Statefulness. An LLM has no memory of its own. Every API call, you hand it the entire conversation and it recomputes everything from scratch, predicts some tokens, and forgets you existed. The “state” of your chat lives in your database, not in the model. It’s a pure function over a context window, and when the conversation outgrows the window, the model’s grip on what’s true starts to slip. Anyone who’s built an agent that gradually forgets what it did twenty steps ago has felt this.
A world model is stateful by construction. It carries a compact internal state forward from step to step, updating it as actions happen and observations arrive. Ask it about step 500 and it doesn’t need to rummage through 500 steps of history, because everything that still matters is already folded into the current state.
Actions are first-class. For an LLM, an action is just more text. A tool call is tokens out, a tool result is tokens in, and the model must infer from prose what its action did. A world model takes the action as an explicit, typed input (the a in predict(s, a)) and is trained specifically on what actions do. Cause and effect is the whole curriculum rather than something absorbed second-hand from prose about other people’s causes and effects.
Side by side:
| LLM | World model | |
|---|---|---|
| Predicts | next token | next state |
| Given | a context window of text | current state + an action |
| State between calls | none, resent every time | persistent, carried forward |
| “What if?” | narrates a plausible story | rolls the trajectory forward |
| Learns from | mostly static text | logged action-result pairs |
Ask an LLM what happens if you turn the heater on and it will tell you a story about the room warming up, and it will be a good story, statistically resembling the millions of similar stories in its training data. Ask a world model and it runs it, the same way our rollout did. For chatting, the story is fine. For deciding whether to actually flip a relay on hardware you’re responsible for, I want the simulation.

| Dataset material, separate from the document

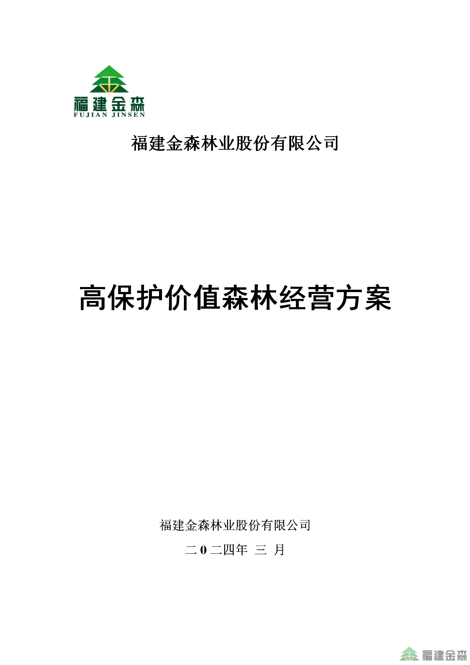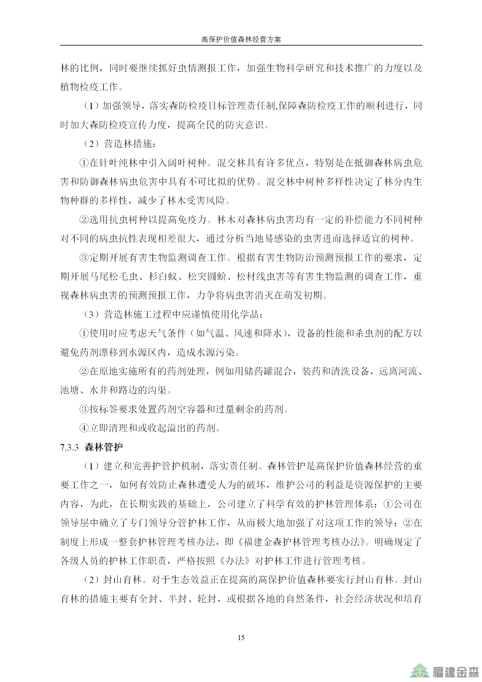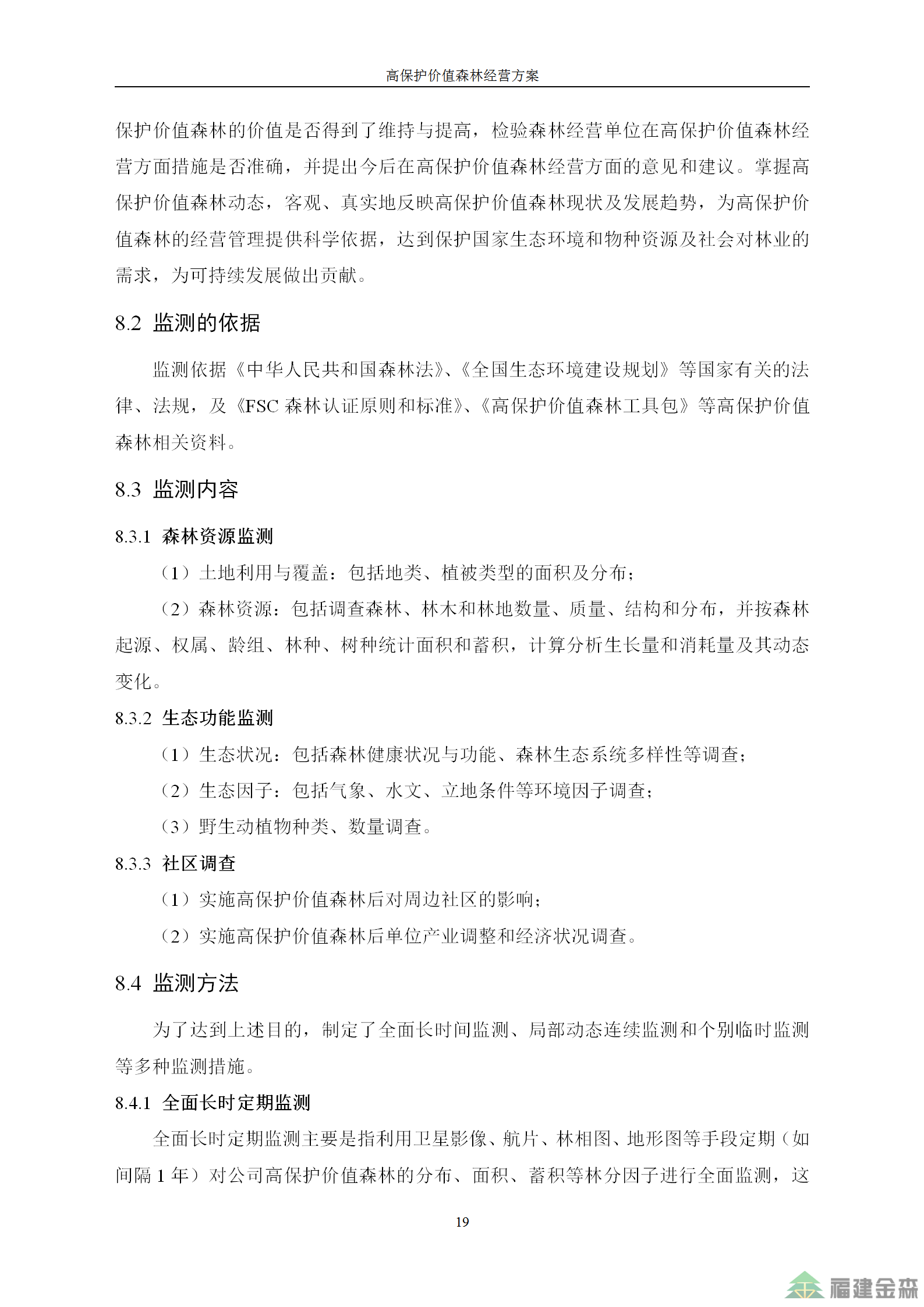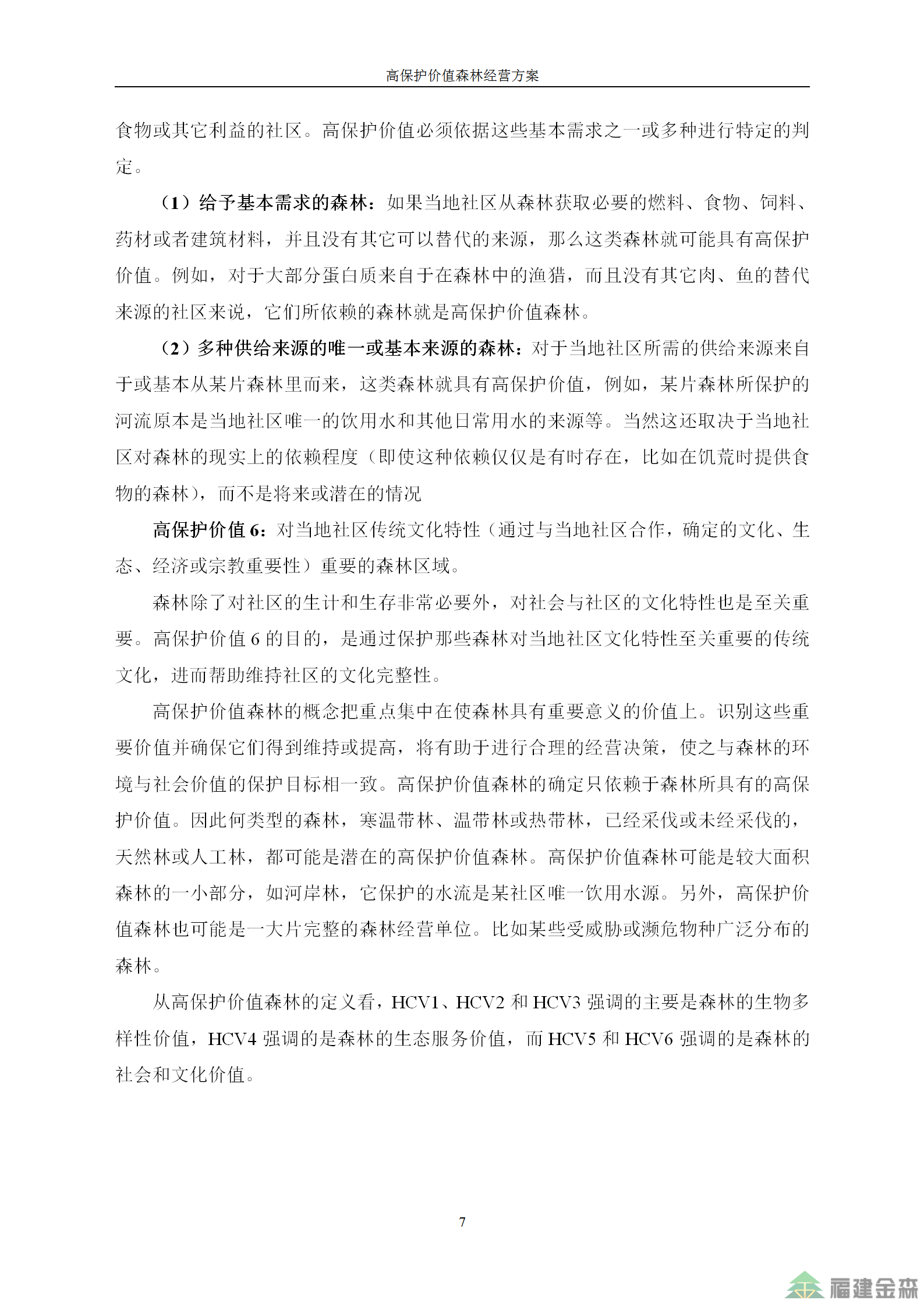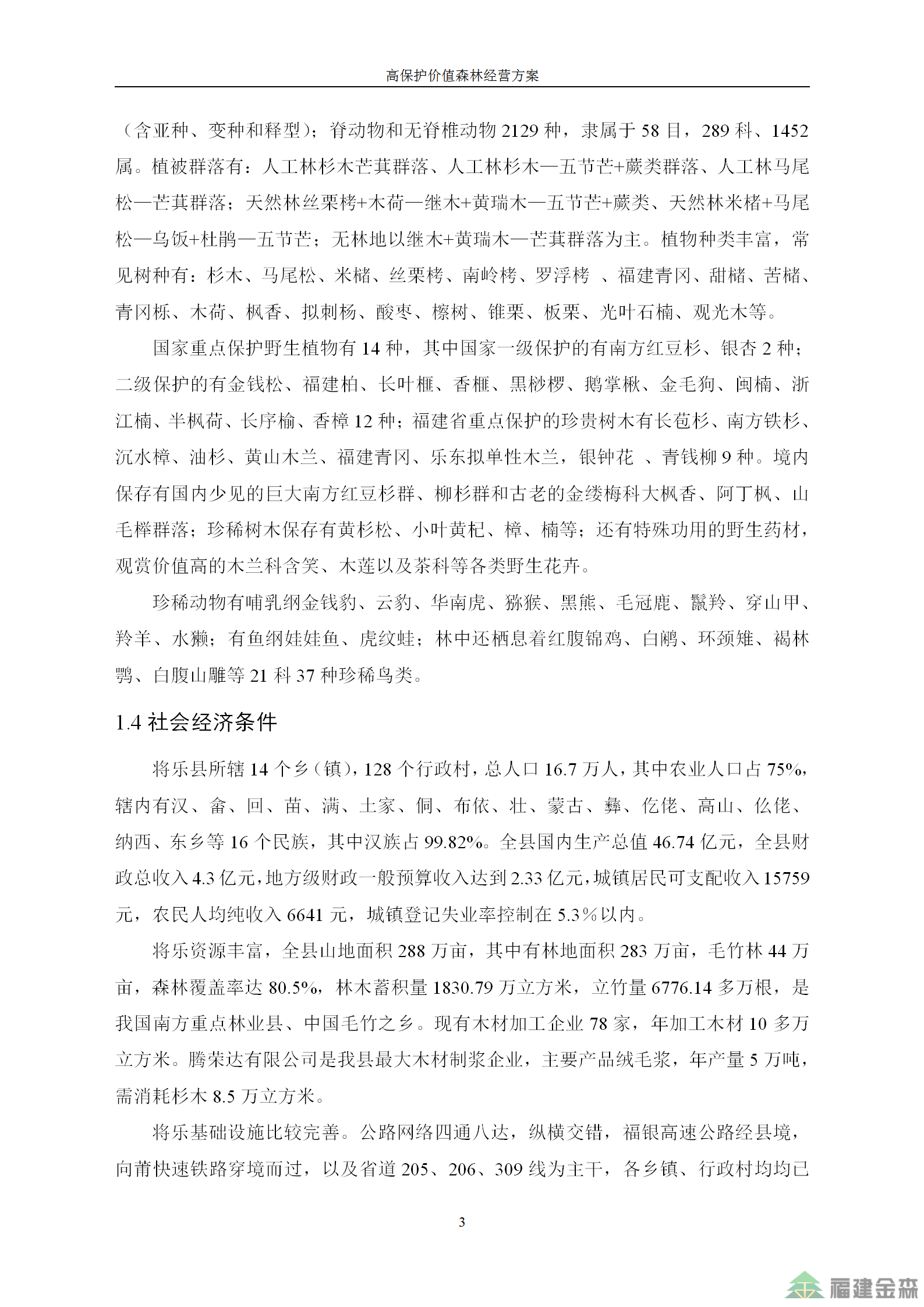福建金森林業股份有限公司高保護價值森林經營方案

To be fair to LLMs, they do pick up something world-model-ish internally. Interpretability work has found neurons in Llama-family models tracking space and time surprisingly well. But those representations are passive and rebuilt from scratch on every call. Having read a lot about rooms is not the same as tracking the temperature of this one.
Where this series goes
This post is deliberately the shallow end. My predict cheats in ways that stop mattering only in toy problems: the state is three fields I chose by hand, the dynamics are made up, and nothing is learned. Real systems have to invent their own state representation from messy high-dimensional observations, learn the transition function from logs, and avoid some entertaining failure modes while doing it (there’s one called representation collapse, where the model discovers it can score perfectly by declaring every state identical, which is the ML equivalent of a student answering every question with “no change”).
Roughly where we’re headed:
- The code-free introduction and this post. State, actions, rollouts. The function signature.
- Learning
predictfrom data. Replacing my hand-written physics with a fitted model, still in TypeScript, still no notation. - Latent states. What happens when the state is a sensor array or camera frame and the model has to compress it itself. This is where the field gets interesting and where the maths finally earns its keep.
- The open-source landscape. DreamerV3, JEPA and friends, what you can run on your own hardware, and why that matters more than it first appears.
- World models and physical devices. Where the action-result firehose from real hardware meets all of the above.
If you take one thing from today, take the function signature. An LLM completes your text. A world model, given where you are and what you’re about to do, tells you where you’ll be. Everything else in this series is elaboration on that difference.